TASK DETAILS
Exact copy, no pictures: set down the lines from the one holding "L'ultimo saluto della" through the final line of the records below.

(Extracted data entries)
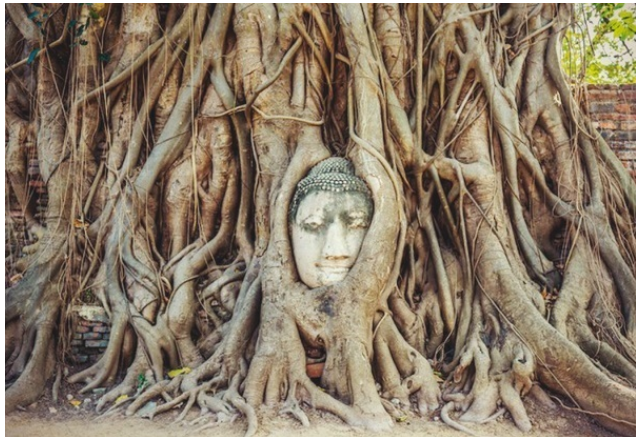
Микеланджело, Апостол Матфей, 1505–1506.
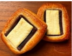
あんこクリームチーズ 220円
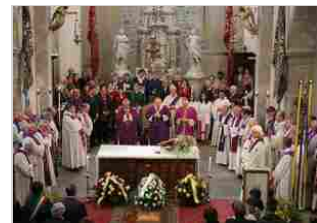
L'ultimo saluto della Carnia a mons. Renzo Dentesano 14 set | 19:44
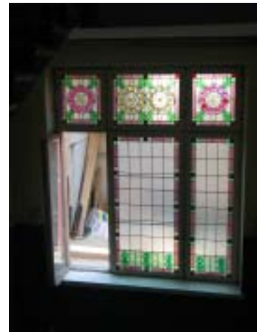
Commerce, Alatori 1B, Arkkitehtitoimisto Bruun & Schoulz, 1912
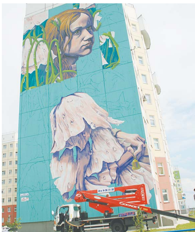
ул. Героев Самотлора, 19. Автор: Рустам Салемгареев. Рабочее название: «Молчаливый разговор». Готовность работы – 60%. Это будет лиричная, чуть грустная картина о девочке, окруженной цветами колокольчика и с металлическим колокольчиком в руках. По замыслу автора, она отражает единение человека с природой и с самим собой. Без лишних слов и показной экспрессии.
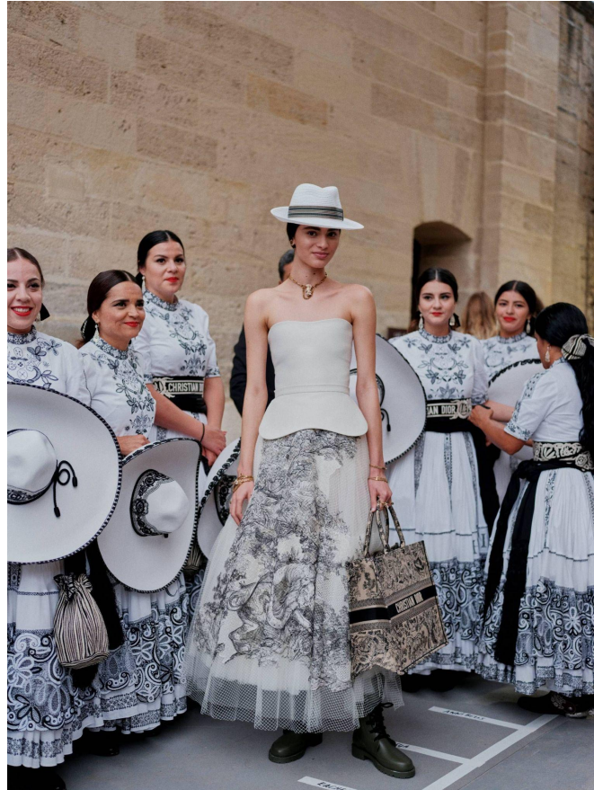
Imagen 3.6 Fotografía publicitaria del desfile Cruise 2019 de Dior. 316

Igualmente, en la imagen 3.6, se observa un complemento relevante, el sombrero. Para esta ocasión Maria Grazia Chiuri eligió el famoso sombrerero Stephen Jones, quien hizo una afirmación reveladora en uno de los videos publicados en la cuenta oficial de Dior en YouTube como parte de la campaña Cruise 2019 . De ese comentario, lo que interesa señalar es una frase que parecería en primera instancia, inocente, no obstante, denota parte de la inspiración de la directora creativa de Dior para la colección del vestido que se le puso a Yalitza en el editorial de Vogue : “este fue el primer prototipo que hice para Maria Grazia. Le gustó la forma, pero la paja era demasiado áspera, y ella quería algo que recordara más a la Avenue Montaigne y menos a la plaza del Zócalo de la Ciudad de México”. 317 De lo anterior, se puede analizar cómo las metrópolis siguen considerando a la periferia como un desfase que necesita ser absorbido y resituado dentro de sus espacios

ANSWER AREA
L'ultimo saluto della Carnia a mons. Renzo Dentesano 14 set | 19:44
Commerce, Alatori 1B, Arkkitehtitoimisto Bruun & Schoulz, 1912
ул. Героев Самотлора, 19. Автор: Рустам Салемгареев. Рабочее название: «Молчаливый разговор». Готовность работы – 60%. Это будет лиричная, чуть грустная картина о девочке, окруженной цветами колокольчика и с металлическим колокольчиком в руках. По замыслу автора, она отражает единение человека с природой и с самим собой. Без лишних слов и показной экспрессии.
Imagen 3.6 Fotografía publicitaria del desfile Cruise 2019 de Dior. 316

Igualmente, en la imagen 3.6, se observa un complemento relevante, el sombrero. Para esta ocasión Maria Grazia Chiuri eligió el famoso sombrerero Stephen Jones, quien hizo una afirmación reveladora en uno de los videos publicados en la cuenta oficial de Dior en YouTube como parte de la campaña Cruise 2019 . De ese comentario, lo que interesa señalar es una frase que parecería en primera instancia, inocente, no obstante, denota parte de la inspiración de la directora creativa de Dior para la colección del vestido que se le puso a Yalitza en el editorial de Vogue : “este fue el primer prototipo que hice para Maria Grazia. Le gustó la forma, pero la paja era demasiado áspera, y ella quería algo que recordara más a la Avenue Montaigne y menos a la plaza del Zócalo de la Ciudad de México”. 317 De lo anterior, se puede analizar cómo las metrópolis siguen considerando a la periferia como un desfase que necesita ser absorbido y resituado dentro de sus espacios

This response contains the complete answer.